By the time the Allestads sold their lease, they were the only ones still grazing stock in meadows just north of Yellowstone National Park in ruggedly beautiful places like Hellroaring and Buffalo creeks in the Gallatin National Forest.
“It would take us two weeks to get to where we dropped off the sheep,” Elaine said.
She first started making the trip with Lawrence after they were married 40 years ago. Lawrence began when he was only 9, the son of a Norwegian immigrant who started ranching in the 1920s. Back then, sheep were king in Sweet Grass County, which counted more than 100,000.
“We thought nothing of it to put them on a 150-mile round trip,” Lawrence said. “That wasn’t very scary to us. I think it was actually kind of fun to put them on the road at daylight.”
After the Allestads’ children were born, it became part of the family routine to move the sheep into the mountains as a working vacation. Then they’d make another trip into the high country by horseback in midsummer to check on the herders and mix in some fishing and camping. They would also visit the same areas in the fall to hunt elk.
The Allestads were introduced to Castaing-Taylor by a landowner who lived near the Boulder River, the drainage along which the family herded the sheep into the mountains. He mentioned Lawrence’s idea of preserving the sheep drive on film to Castaing-Taylor, who visited the Allestads in 2001 to begin pursuing the project.
Castaing-Taylor, now the director of the Sensory Ethnography Laboratory and a professor at Harvard University, along with his partner and producer Ilisa Barbash, took eight years to complete the film. They also created nine other films out of the footage they shot while traveling with the sheep and spending time in the Big Timber area.
“Spending the summers high in the Rocky Mountains, among the herders, the sheep, and their predators, was a transcendent experience that will stay with me for the rest of my days,” Castaing-Taylor said in a statement on the movie’s Web site. He could not be reached for comment.

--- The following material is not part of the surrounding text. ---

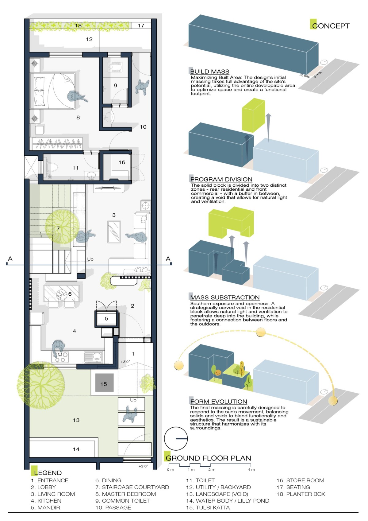 Ground Floor Plan of The Narrow House by Sense of Space Architecture Studio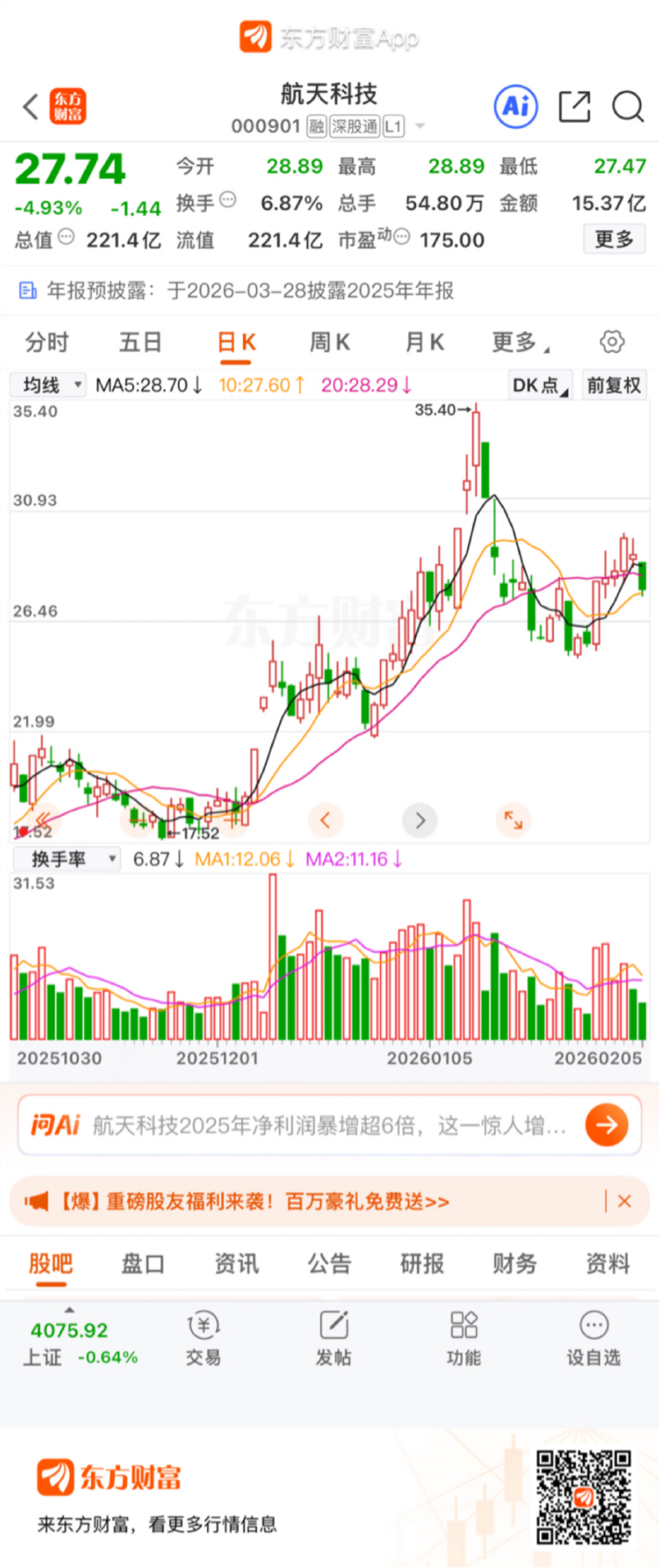 #社区牛人计划# $航天科技(SZ000901)$ 主力睡大觉,韭菜忙砸盘卖了好过年,明天一放量,韭菜大呼上其当

New York Times reviewer Manohla Dargis called the movie “astonishingly beautiful, even if the image quality of the video sometimes disappoints. Mr. Castaing-Taylor has an extraordinary eye: he takes you right into the center of the herd so it almost feels as if you’re jostling alongside the animals as they rush for food or surge up a ravine.”
Now good friends
On the “Sweetgrass” Web site, Barbash, an associate curator of visual anthropology at The Peabody Museum, recounts seeing Castaing-Taylor after his first summer of filming in the mountains.
“When Lucien got down from the mountains that fall, he was unrecognizable — bearded beyond belief, 20 pounds lighter, carrying a ton of footage, and limping. He would later be diagnosed with trauma-induced advanced degenerative arthritis, caused by carrying the equipment day and night, and need double foot surgery.”
Elaine said that over the years, her family and the filmmakers have become good friends. But in the beginning, walking around with a microphone clipped on and being followed by a camera was pretty odd, she said.
“After a while you forget about it,” she said, evidenced by one sheepherder’s mournful cell phone call to his mother from atop a mountain. Sheepherders John Ahern and Pat Connolly have feature roles in the movie.
Barbash and Castaing-Taylor joked about how much time they spent filming, going back for two more summers. Capturing the work and sheep drive became important to them to create a time capsule of a part of Western life that would soon end.
“While the journey is tremendously hard, it is undertaken not just for the literal goal of reaching (sweet) grass, but also to carry on tradition against all sorts of odds,” Barbash said.
The Allestads agree that it’s nice to have the now-vanished sheep drive documented on film for posterity’s sake. And although the family is now almost out of the sheep business, and Lawrence would like to get rid of them entirely, Elaine said she keeps “hanging in there.”
“I like sheep,” she said. “They’re easier to handle. And you need them to take care of the weeds.”
BRETT FRENCH. February 14 2010. Billings Gazette.